A news crawler for BBC News, Reuters and New York Times.
- For BBC: It is a news collection from BBC front pages https://www.bbc.com/news, starting from 2015/07/01/. This archive is collected by @dracos. Please refer to his website: https://dracos.co.uk/made/bbc-news-archive/archive.php.
- For Reuters, they have disabled their original archive website. The new website https://www.reuters.com/news/archive has only a limited number of historical articles (starting from 2020/03/08), so I did not update codes for Reuters anymore. But I still keep the codes for Reuters as an example, in case that you want to implement your own codes for Reuters.
- python3
- configobj
- dateutil
- requests
- bs4
- goose3
pip install -r requirements.txt
- xxx_crawler: the executive file to crawl news.

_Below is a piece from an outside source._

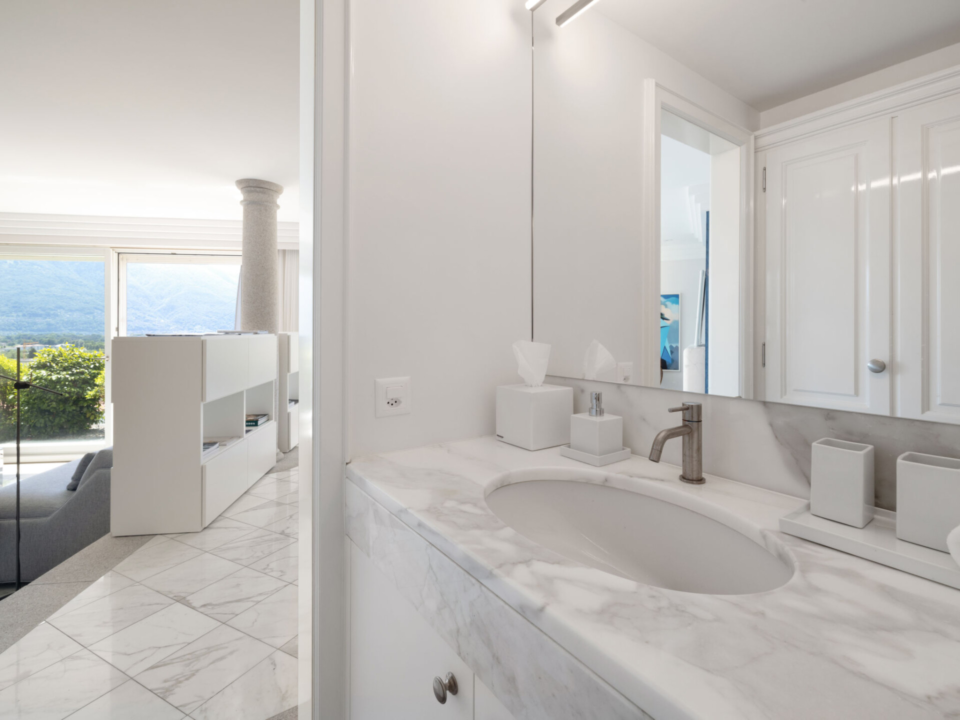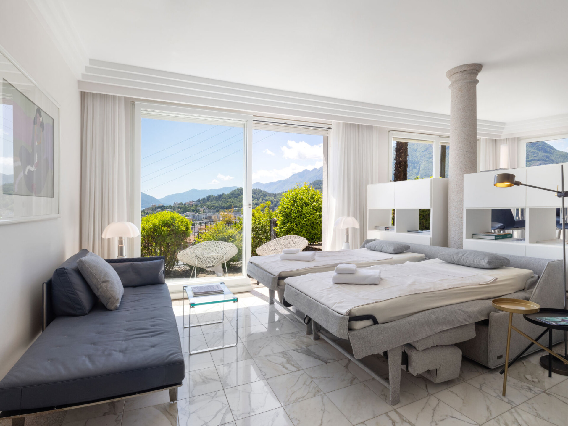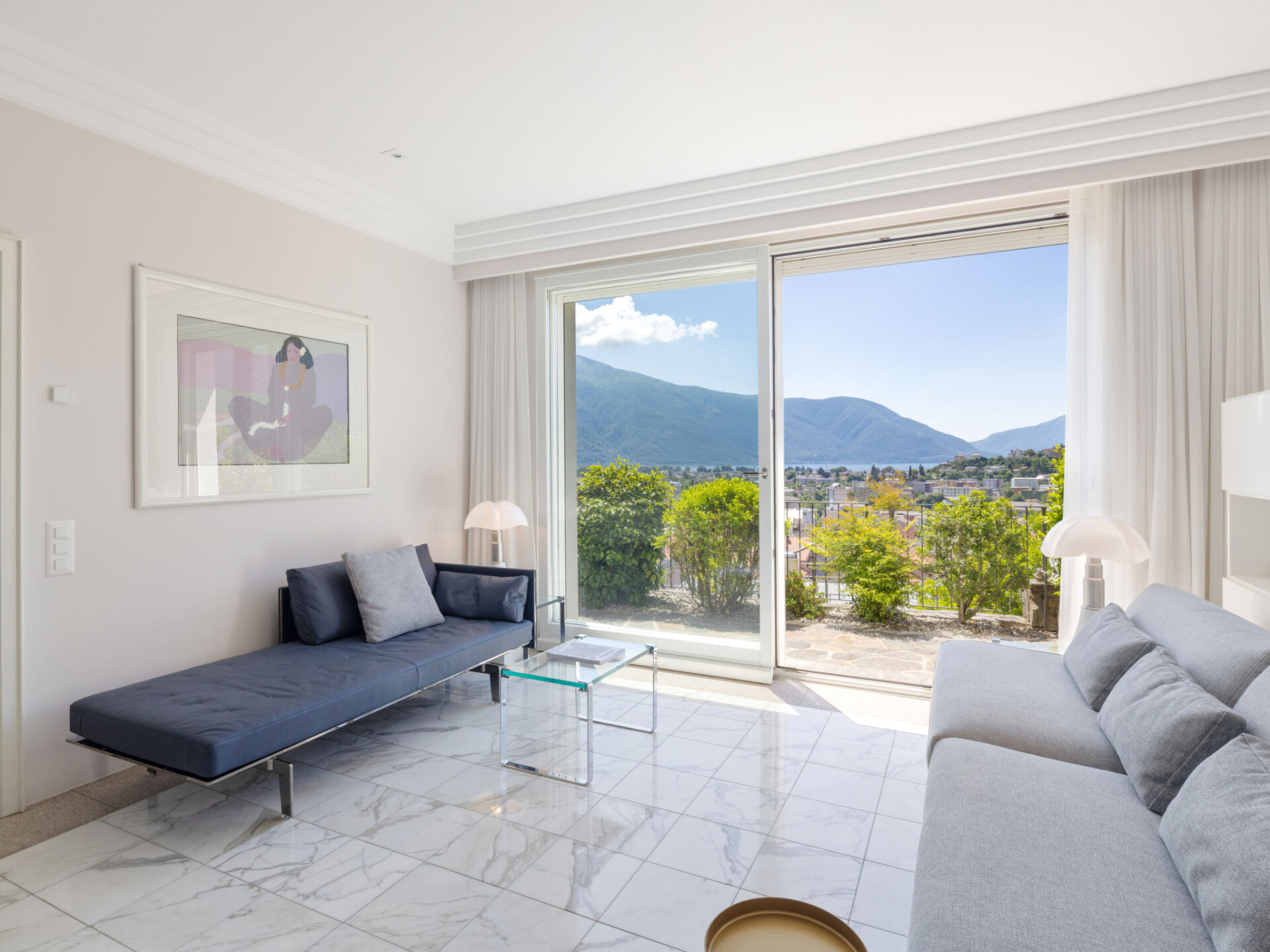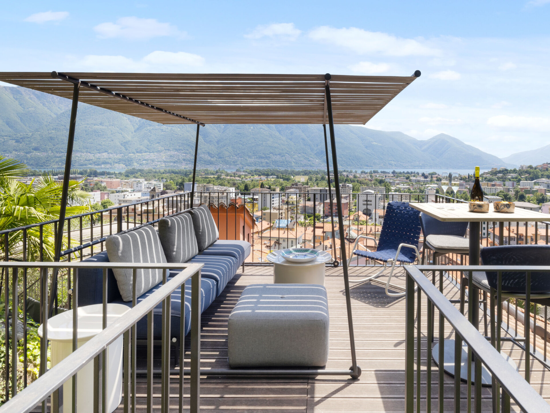 "Designer Ferienwohnung Il Soldunese", appartement 3-kamers 70 m2, op verhoogde begane grond, op het zuiden gelegen. Het objekt is geschikt voor 2 volwassenen + 2 kinderen. Licht, volledig gerenoveerd in 2025, comfortabel en luxueus ingericht: open woon-/eetkamer met 1 2-pers divanbed (2 x 90 cm, lengte 200 cm), internationale TV-zenders en Flatscreen TV. Uitgang naar het terras, naar de zitplaats in de tuin. 1 kamer met 1 2-pers bed (2 x 90 cm, lengte 200 cm). Uitgang naar het terras, op het zuiden. Open keuken (oven, afwasmachine, 4 keramische glas kookplaten, broodrooster, waterkoker, elektrische koffiemachine, pads voor de koffiemachine (Nespresso) extra). Uitgang naar het terras. Douche/WC, douche/bidet/WC. Air-conditioning, vloerverwarming. Verwarming alleen beschikbaar van 01.10. tot 30.04. Natuurstenen vloeren. Groot terras 40 m2, op het zuiden gelegen. Terrasmeubelen, balkonmeubilair. Mooi panoramazicht op het meer, het landschap en de plaats. Ter beschikking: wasmachine, kinderbed tot 2 jaar (extra), haardroger. Internet (WiFi, gratis, Bandbreedte: 200 Mbit/s). Niet rokers woning. NL-00012453

- xxx.cfg: configurations for the crawler, including api, time range and storage path etc.
- xxx_link.py: fetch download links.
- xxx_article: extract content and some meta data of one news article.
python bbc_crawler.py settings/bbc.cfg
python reuters_crawler.py reuters.cfg
python nytimes_crawler.py nytimes.cfg
Modify reuters.cfg
, nytimes.cfg
and bbc.cfg
in settings folder, the main configuration items may be start_date
, end_date
and path
.
If other news sources need to be added, just add files as the architecture, extend the basic class in each folder. Some methods may need to be rewrote.